When we arrive in Edinburgh the terminal is eerily deserted. Everyone, passengers and workers alike, are clustered in front of a giant TV watching the World Cup, which apparently is some sort of soccer festival celebrated in sports-deprived countries. At the baggage claim, no luggage. BA locates our bags at Gatwick and says that they will arrive at 5:30 PM and be delivered to our hotel.


This is a short trip, and I had planned for maximum efficiency. I had figured on arriving in Edinburgh at 10 AM and finishing it up the same day. My plans are going awry: we are four hours behind schedule. Then there is the weather: cold and rainy. About the only thing that goes right is that the rental car is ready, it is cheap, and my driving on the wrong side of the road skills are undiminished.

 

Which isn't quite enough in this case. In addition to left hand driving, added to the mix is Edinburgh's medieval maze of streets (all one-way in the wrong direction), a prohibition on right turns, and Friday afternoon traffic. Plus the rain. I find the hotel directly, but locating the "adjacent" garage consumes another half an hour.

 

No time for lollygagging, gotta get going. First stop is Holyrood House Palace, where the Queen resides for three weeks each June and July. The state apartments are open for visitors when HM is not there. Opulent and impressive, it's one of the two "must see" attractions in Edinburgh. An unexpected bonus: the Royal Archers are out in full regalia practicing for a meet. Watching them try to hit a distant target with longbows is a good lesson on why bullets replaced arrows.

 

A walk back along the Royal Mile, which connects the palace with Edinburgh Castle. Lots of tourist shops. There are numerous places where a complete dress outfit can be purchased for a mere $1000. If that exceeds your budget you can buy just the the skirt (oops, I mean kilt) for one-quarter that. Plenty of woolen shops and stuff with "your" clan's tartan. Bagpipes Galore -- that's the actual name of the shop. Also, Thistle Do Nicely.

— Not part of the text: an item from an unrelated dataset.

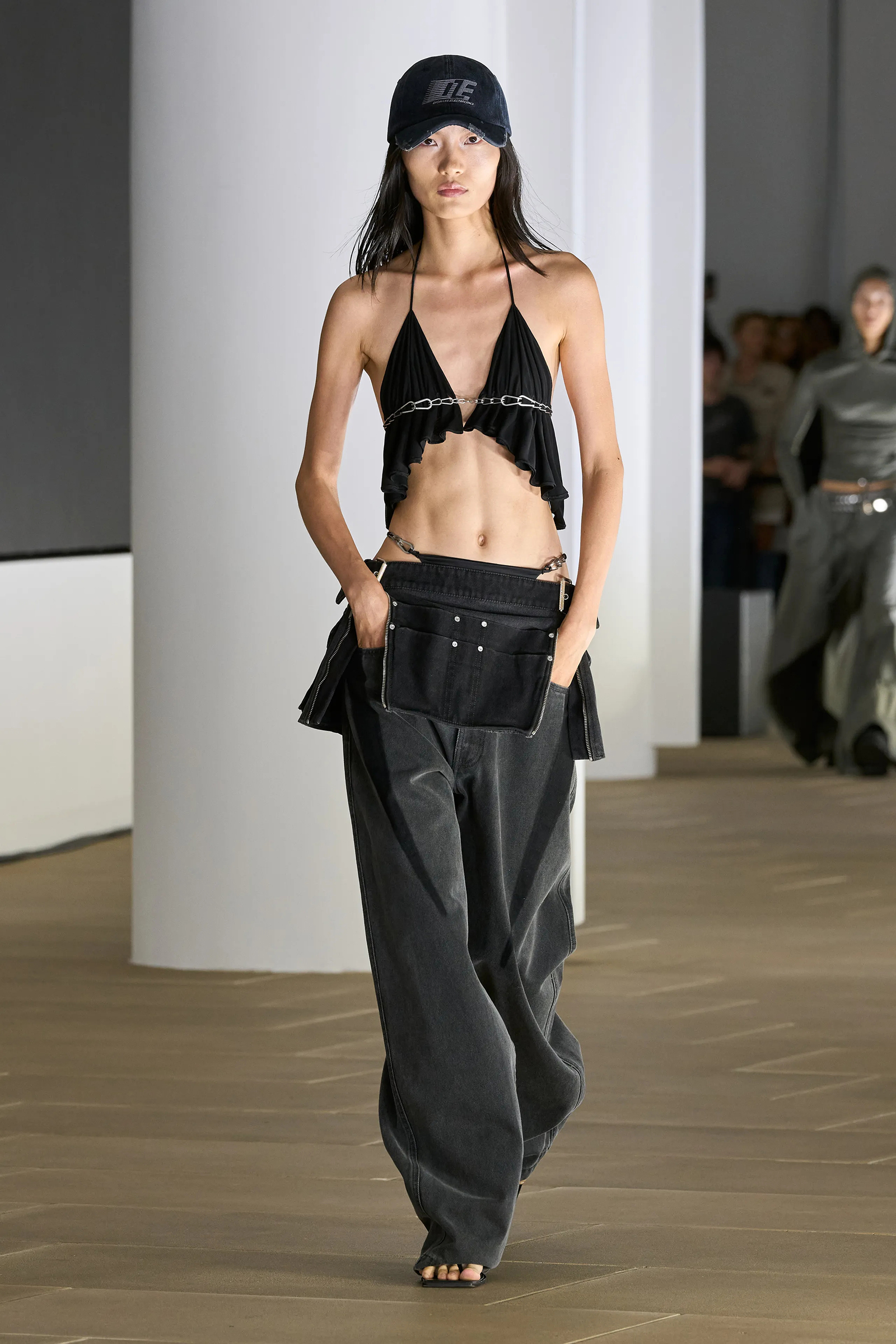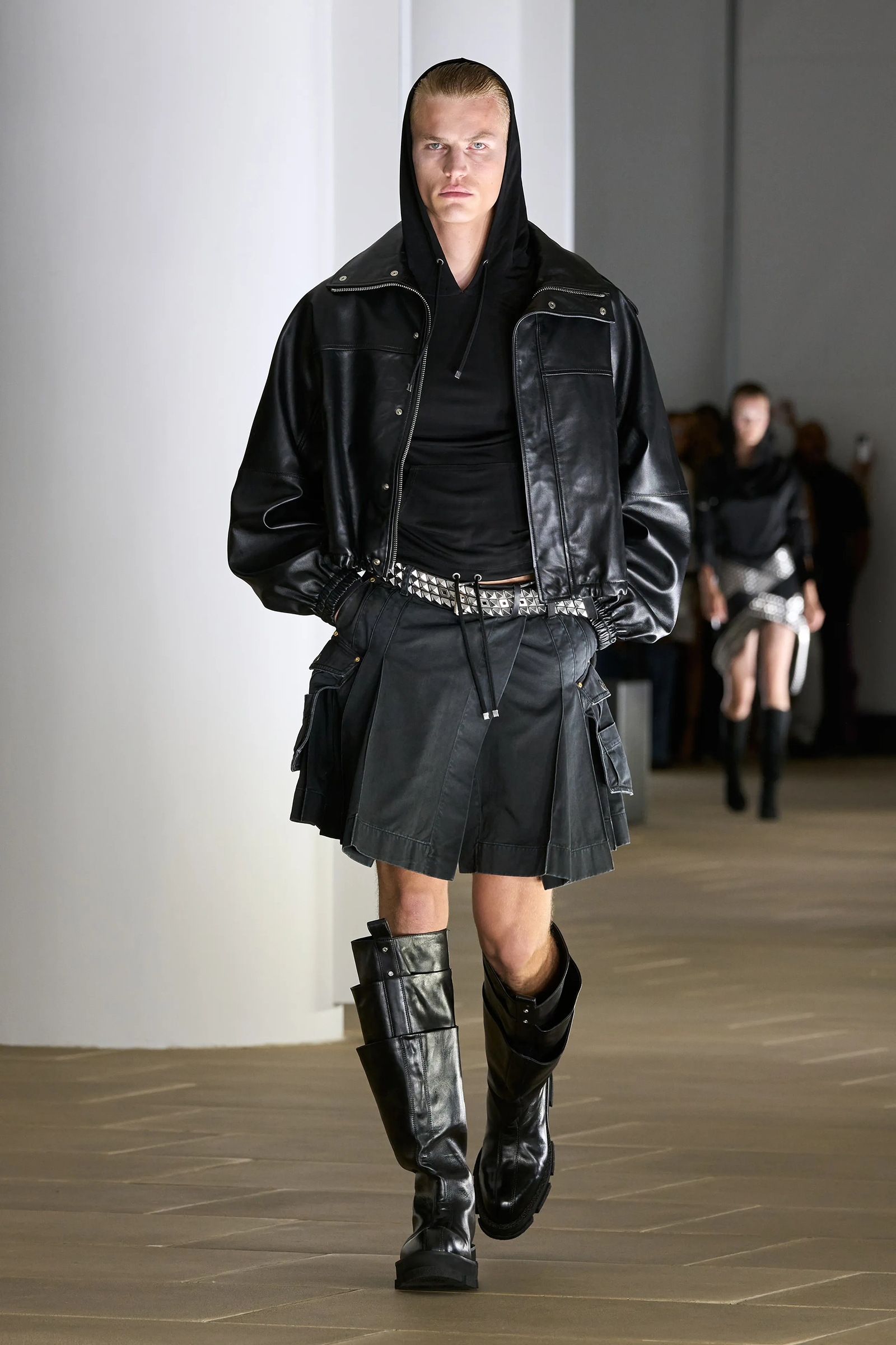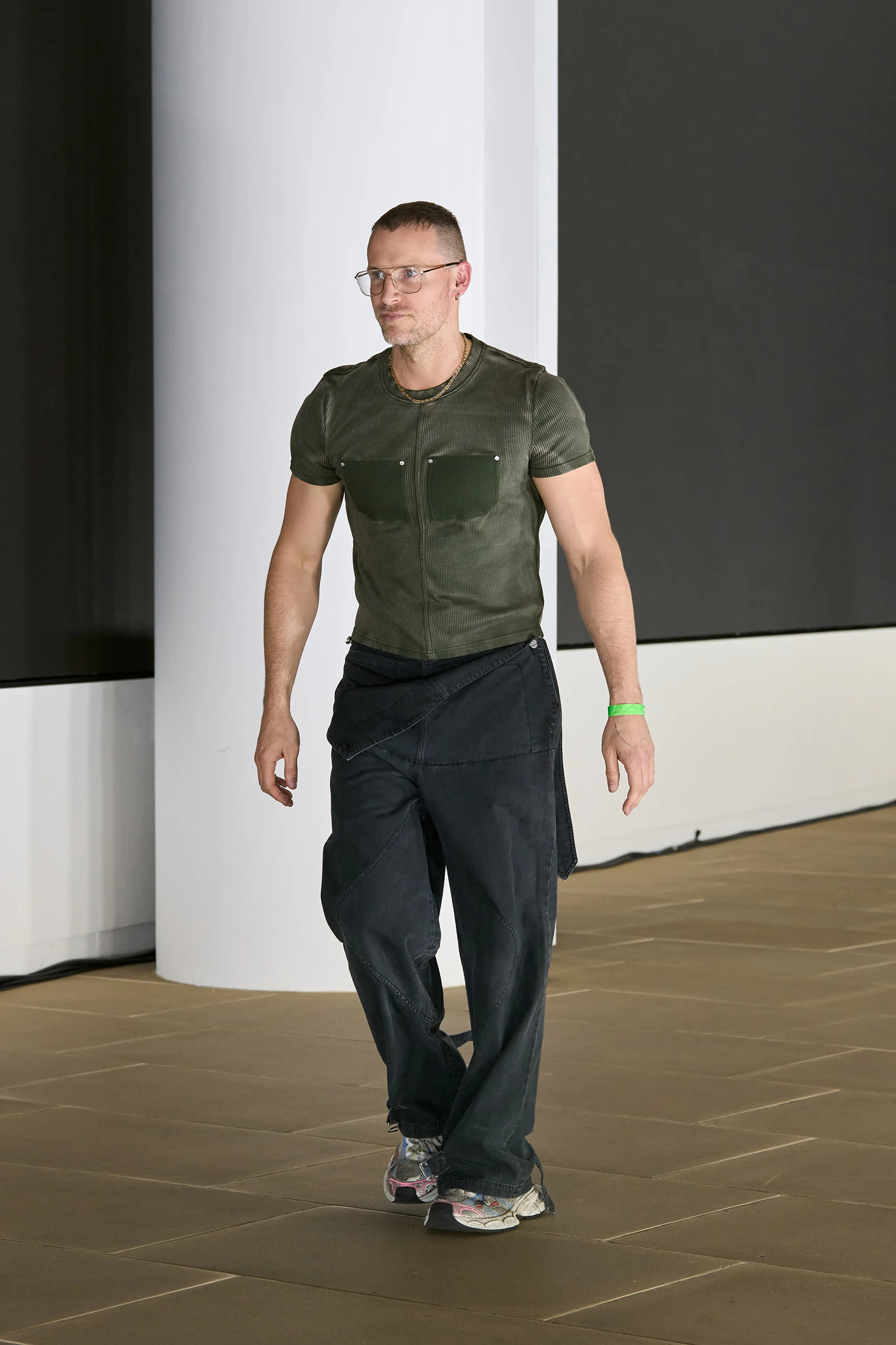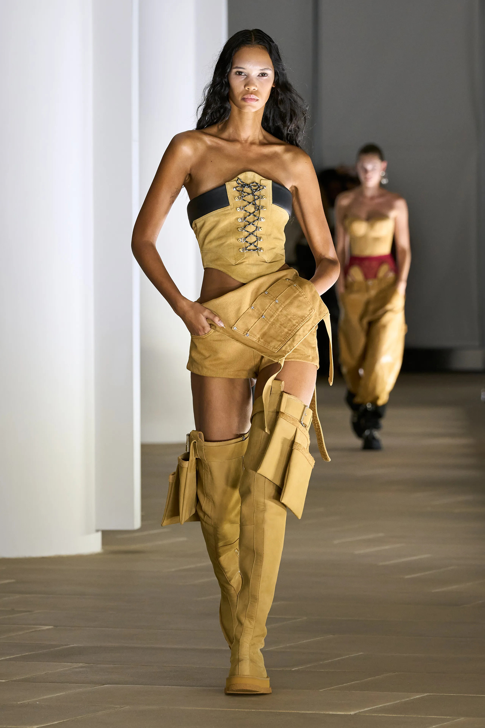 Another development: Lee stepped away from his usual monochromatic palette and strict category groupings to “mix things in a bit more.” The goal, he said, was to offer an “exaggerated brand wardrobe.” That is the operative word here, wardrobe—the truth is that it’s become reductive to label Lee’s clothes as nothing other than rave-ready. That they are, and they will continue to be, but he also gave his customers options past a night out. Dion Lee has a few more tools in his toolbox.

Stationed along the road are the local form of buskers: bagpipers in full getup playing to the video-toting tourists. Another way to tell you are in Scotland: chip shops with a sign in the window advising of the availability of battered (deep fried) Mars bars. Also, hamburgers cooked in the same manner.

Have I mentioned the prices? Astronomical! Pounds (exchange rate 1=$1.45; purchasing power 1=50-75) are like pesos here. Does everyone have a personal oil well? They must think I do.

 

Back to the hotel. Still no luggage. They have given me a phone number for baggage service. Sort of 900 number which costs $3.75/minute to listen to music on hold. (That's from the hotel phone; the rate from regular phones is slightly less extravagant.) And they still don't answer. Ever. British Airways has achieved a new plateau in customer contempt. The hotel front desk feels sorry for me and lets me use their phone, where I wait another 30 minutes on hold before giving up. I try the reservation line, but that one is not open after 9 PM.

 

Saturday. Sunrise is at 4:20. At 7 AM I am off to the airport in search of our luggage. There they are at baggage office, just sitting there, tagged and ready to go. 

 

We are showered and changed in time for opening time at Edinburgh Castle, the other "must see." Home to the Honours of Scotland: the crown, state sword, and scepter of the Scottish kings. Also The Stone of Scone, a/k/a The Stone of Destiny. (More on that later.) Overall evaluation: OK. Had the castle been crowded I would give it a negative rating. On the way out, there are LONG lines of people at the ticket booth.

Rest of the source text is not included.